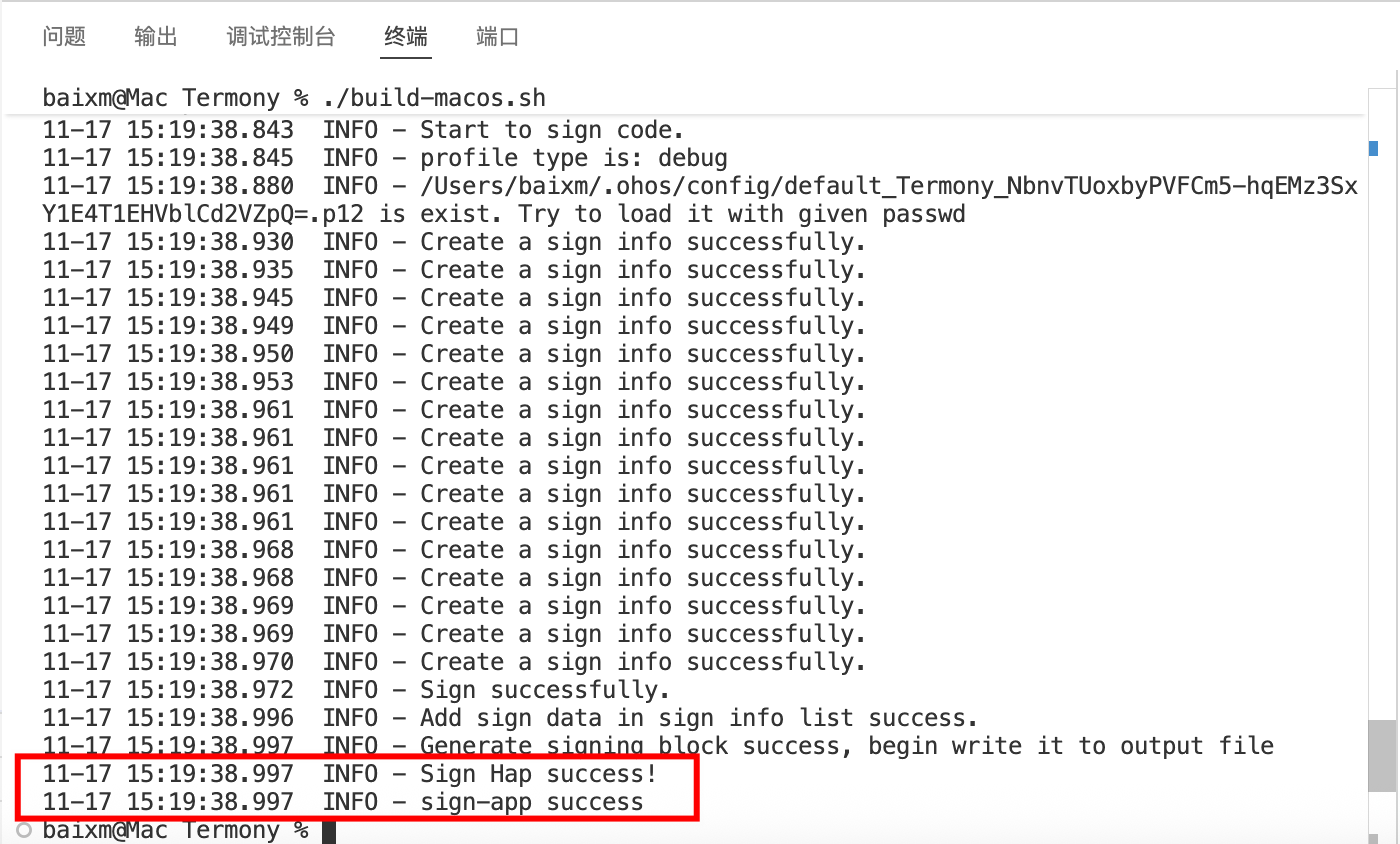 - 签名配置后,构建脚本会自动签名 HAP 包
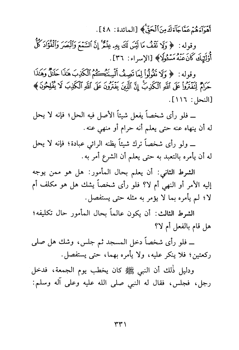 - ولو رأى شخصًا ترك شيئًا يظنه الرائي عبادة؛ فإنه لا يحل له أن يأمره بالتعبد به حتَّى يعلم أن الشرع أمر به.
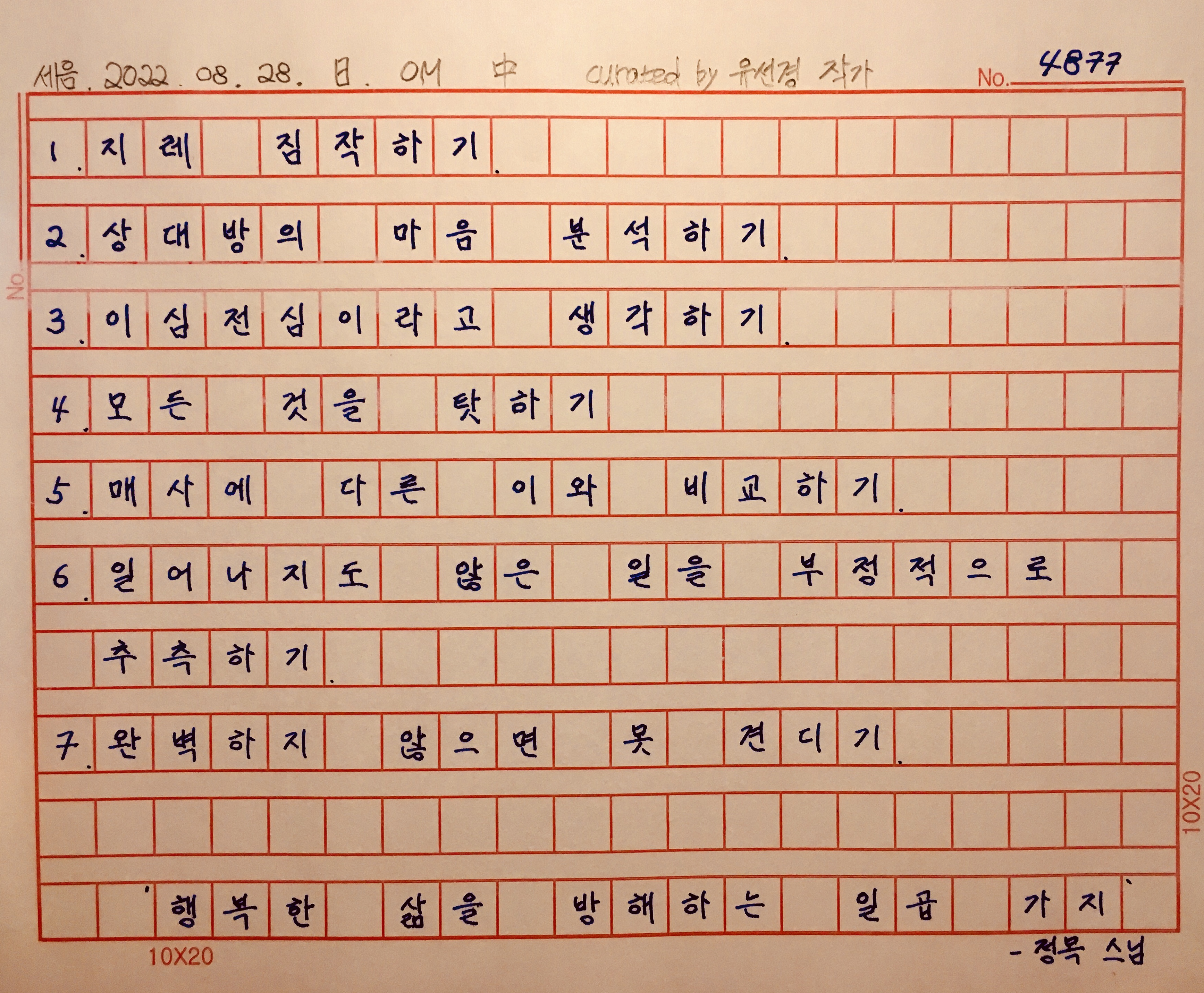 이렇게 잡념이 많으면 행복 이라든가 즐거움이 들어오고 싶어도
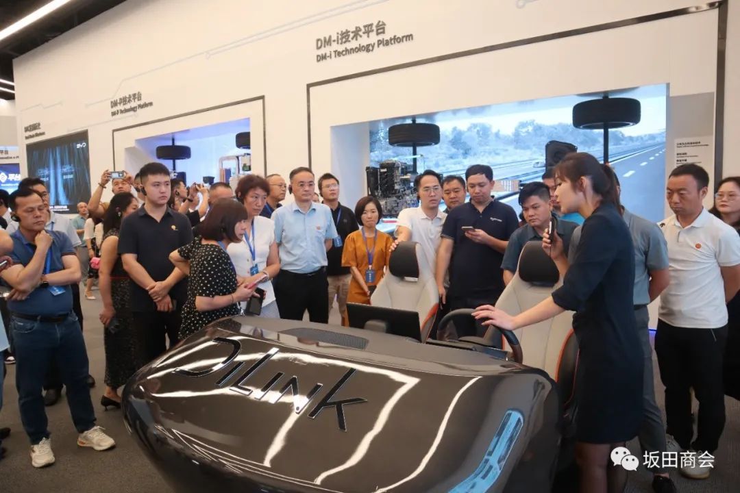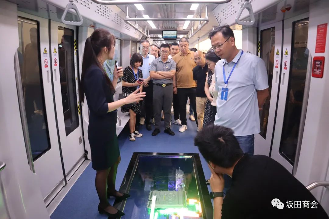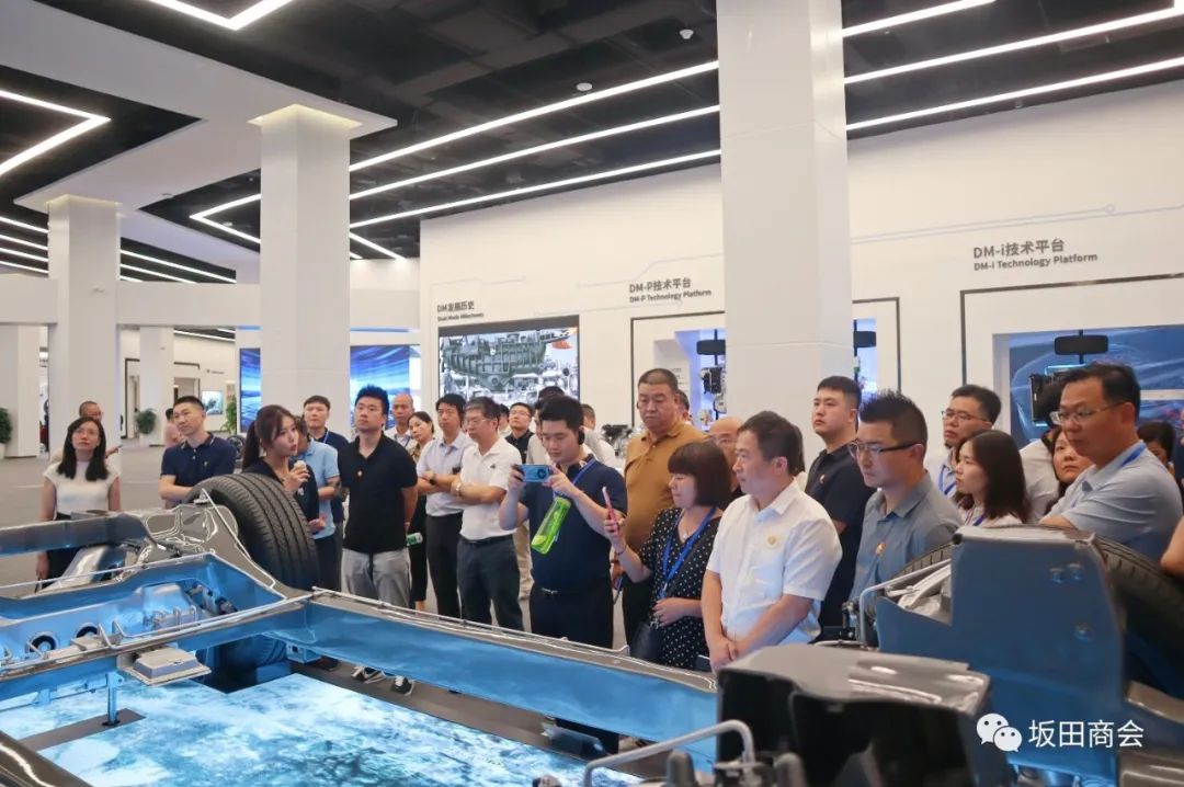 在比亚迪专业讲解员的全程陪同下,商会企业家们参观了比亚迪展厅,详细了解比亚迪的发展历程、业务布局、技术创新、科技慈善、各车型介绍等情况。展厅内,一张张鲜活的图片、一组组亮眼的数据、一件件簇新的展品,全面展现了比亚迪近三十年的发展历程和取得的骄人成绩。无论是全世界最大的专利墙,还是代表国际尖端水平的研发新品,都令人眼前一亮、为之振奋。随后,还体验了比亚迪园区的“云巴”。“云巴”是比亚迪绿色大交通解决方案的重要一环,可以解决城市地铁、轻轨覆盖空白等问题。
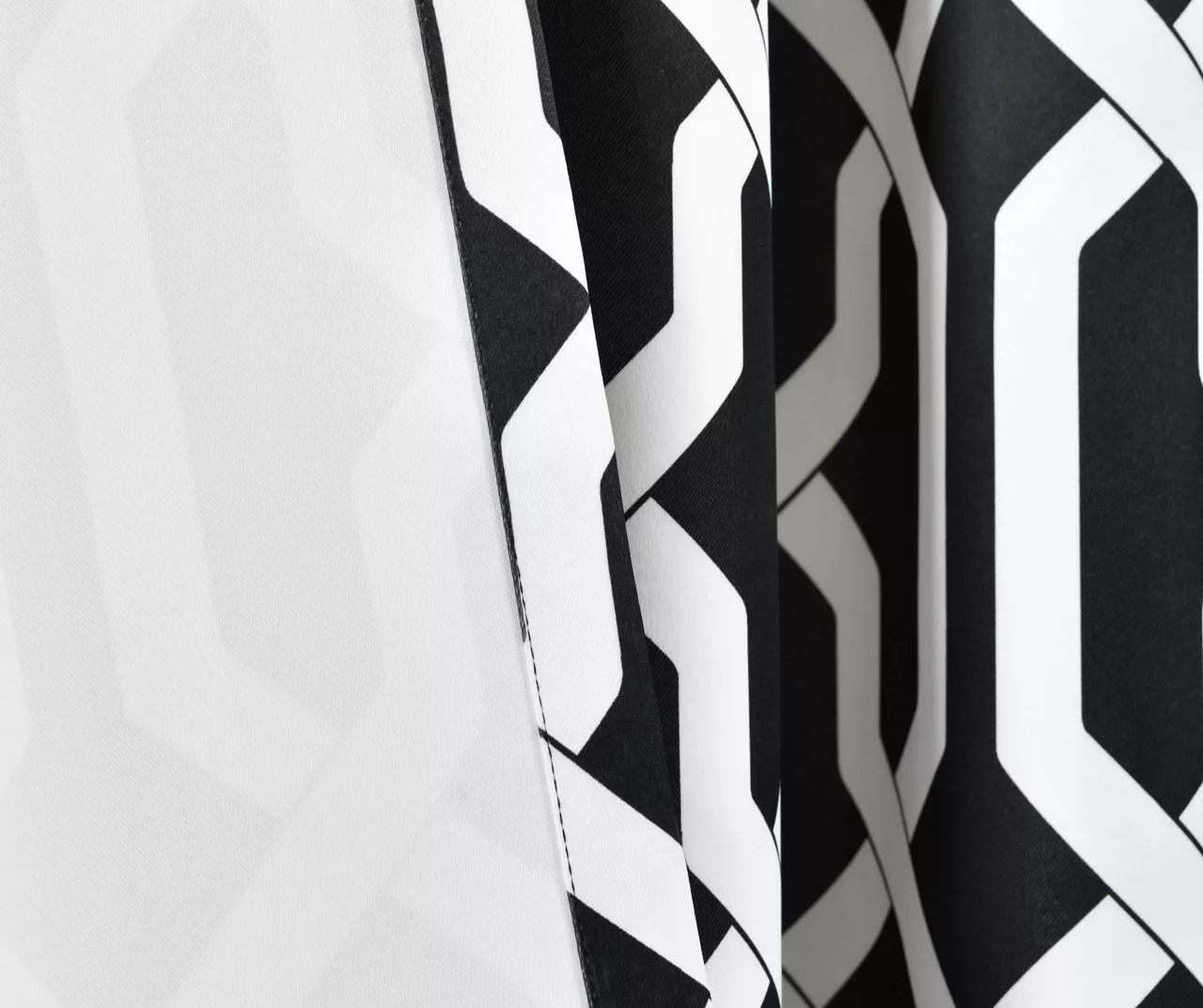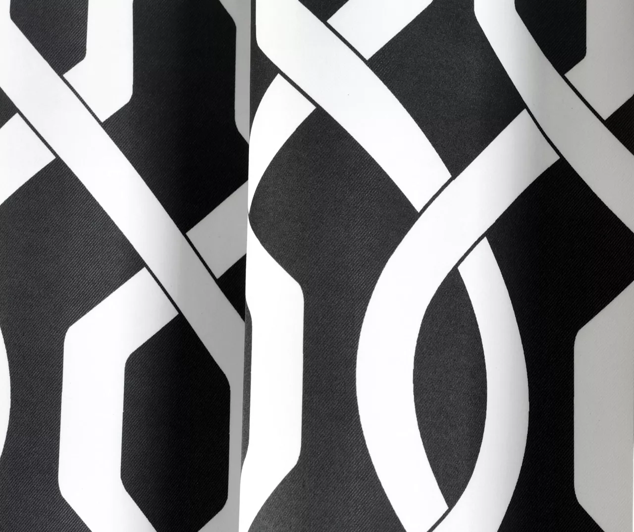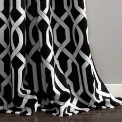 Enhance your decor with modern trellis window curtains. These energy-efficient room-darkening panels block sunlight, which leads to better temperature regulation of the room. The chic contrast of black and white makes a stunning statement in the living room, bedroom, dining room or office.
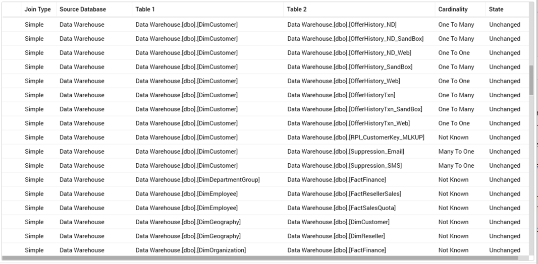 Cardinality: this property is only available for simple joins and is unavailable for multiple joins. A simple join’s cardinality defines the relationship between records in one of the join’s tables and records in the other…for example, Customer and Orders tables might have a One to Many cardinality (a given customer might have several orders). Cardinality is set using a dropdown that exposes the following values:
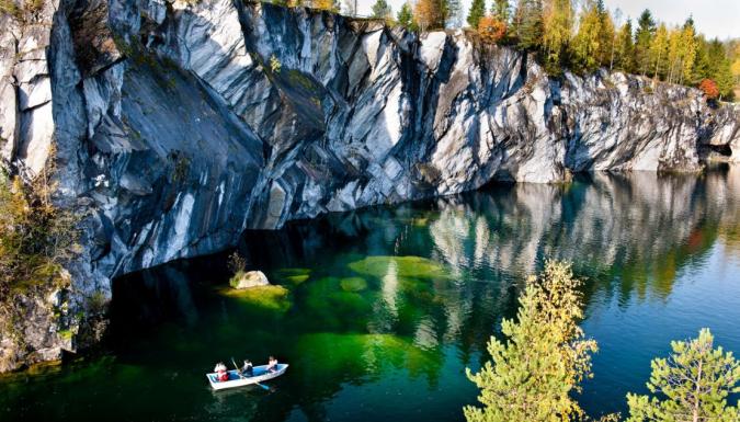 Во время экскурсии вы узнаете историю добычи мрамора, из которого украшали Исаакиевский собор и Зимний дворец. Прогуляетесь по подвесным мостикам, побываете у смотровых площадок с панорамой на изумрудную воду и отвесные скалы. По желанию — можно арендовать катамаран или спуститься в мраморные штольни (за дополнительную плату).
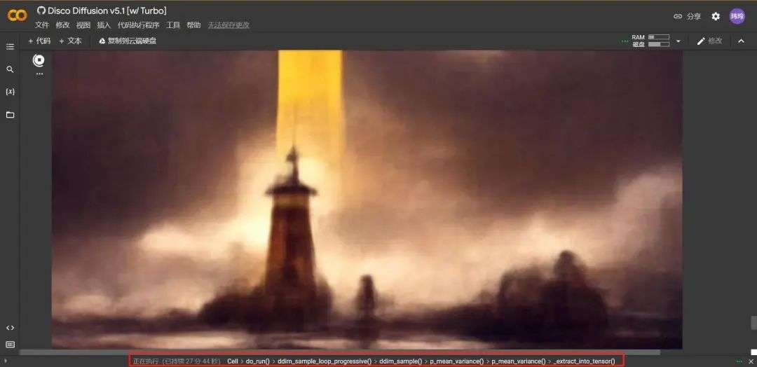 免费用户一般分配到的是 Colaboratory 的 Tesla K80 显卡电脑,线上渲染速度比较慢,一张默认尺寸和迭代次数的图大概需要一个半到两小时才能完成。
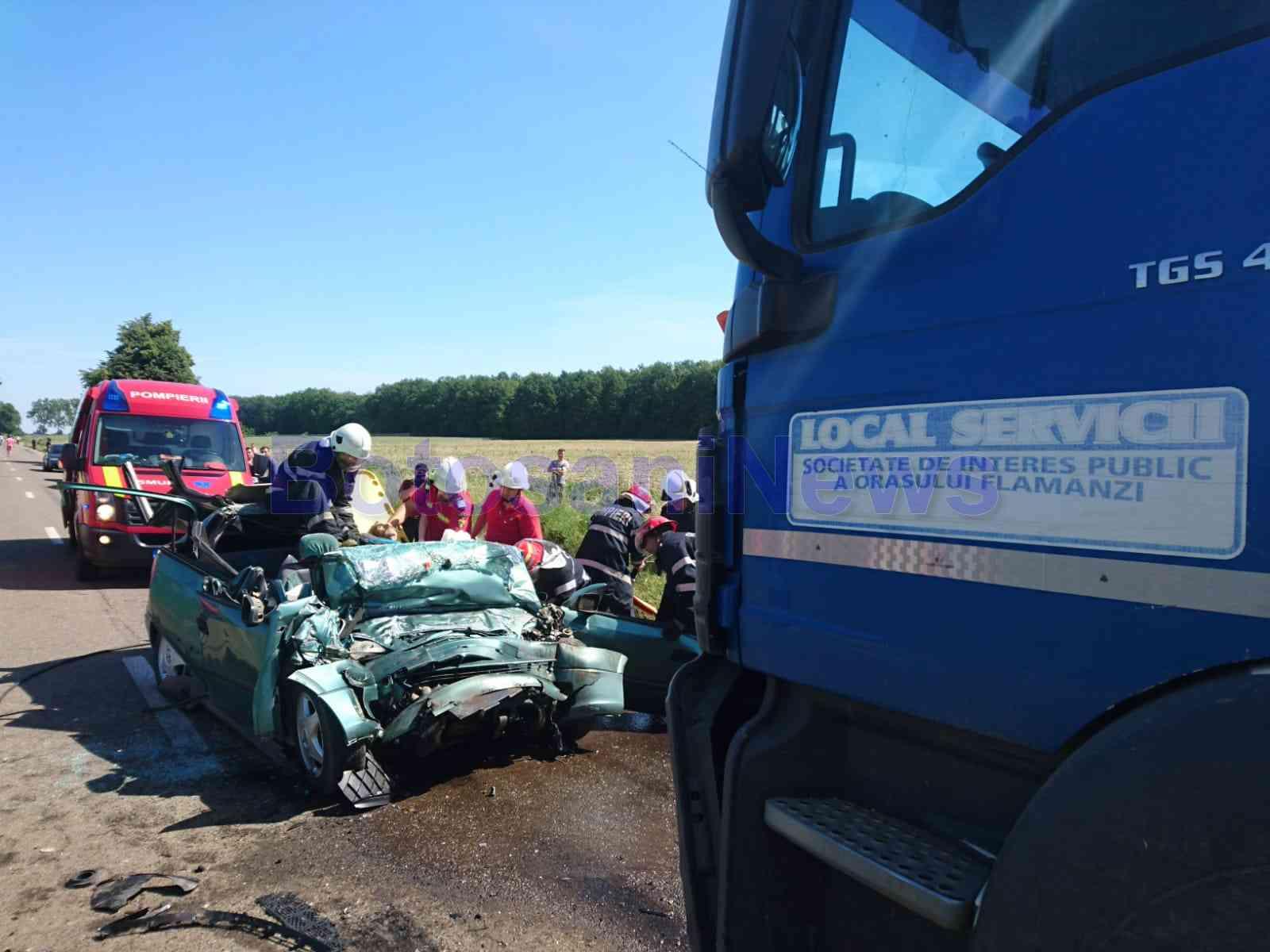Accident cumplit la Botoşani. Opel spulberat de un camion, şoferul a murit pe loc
........
The problem: Transcribe every line of the records exactly. Pictures do not belong in the copy.

Response to this task:
 - 签名配置后,构建脚本会自动签名 HAP 包
 - ولو رأى شخصًا ترك شيئًا يظنه الرائي عبادة؛ فإنه لا يحل له أن يأمره بالتعبد به حتَّى يعلم أن الشرع أمر به.
 이렇게 잡념이 많으면 행복 이라든가 즐거움이 들어오고 싶어도
 在比亚迪专业讲解员的全程陪同下,商会企业家们参观了比亚迪展厅,详细了解比亚迪的发展历程、业务布局、技术创新、科技慈善、各车型介绍等情况。展厅内,一张张鲜活的图片、一组组亮眼的数据、一件件簇新的展品,全面展现了比亚迪近三十年的发展历程和取得的骄人成绩。无论是全世界最大的专利墙,还是代表国际尖端水平的研发新品,都令人眼前一亮、为之振奋。随后,还体验了比亚迪园区的“云巴”。“云巴”是比亚迪绿色大交通解决方案的重要一环,可以解决城市地铁、轻轨覆盖空白等问题。
 Enhance your decor with modern trellis window curtains. These energy-efficient room-darkening panels block sunlight, which leads to better temperature regulation of the room. The chic contrast of black and white makes a stunning statement in the living room, bedroom, dining room or office.
 Cardinality: this property is only available for simple joins and is unavailable for multiple joins. A simple join’s cardinality defines the relationship between records in one of the join’s tables and records in the other…for example, Customer and Orders tables might have a One to Many cardinality (a given customer might have several orders). Cardinality is set using a dropdown that exposes the following values:
 Во время экскурсии вы узнаете историю добычи мрамора, из которого украшали Исаакиевский собор и Зимний дворец. Прогуляетесь по подвесным мостикам, побываете у смотровых площадок с панорамой на изумрудную воду и отвесные скалы. По желанию — можно арендовать катамаран или спуститься в мраморные штольни (за дополнительную плату).
 免费用户一般分配到的是 Colaboratory 的 Tesla K80 显卡电脑,线上渲染速度比较慢,一张默认尺寸和迭代次数的图大概需要一个半到两小时才能完成。
Accident cumplit la Botoşani. Opel spulberat de un camion, şoferul a murit pe loc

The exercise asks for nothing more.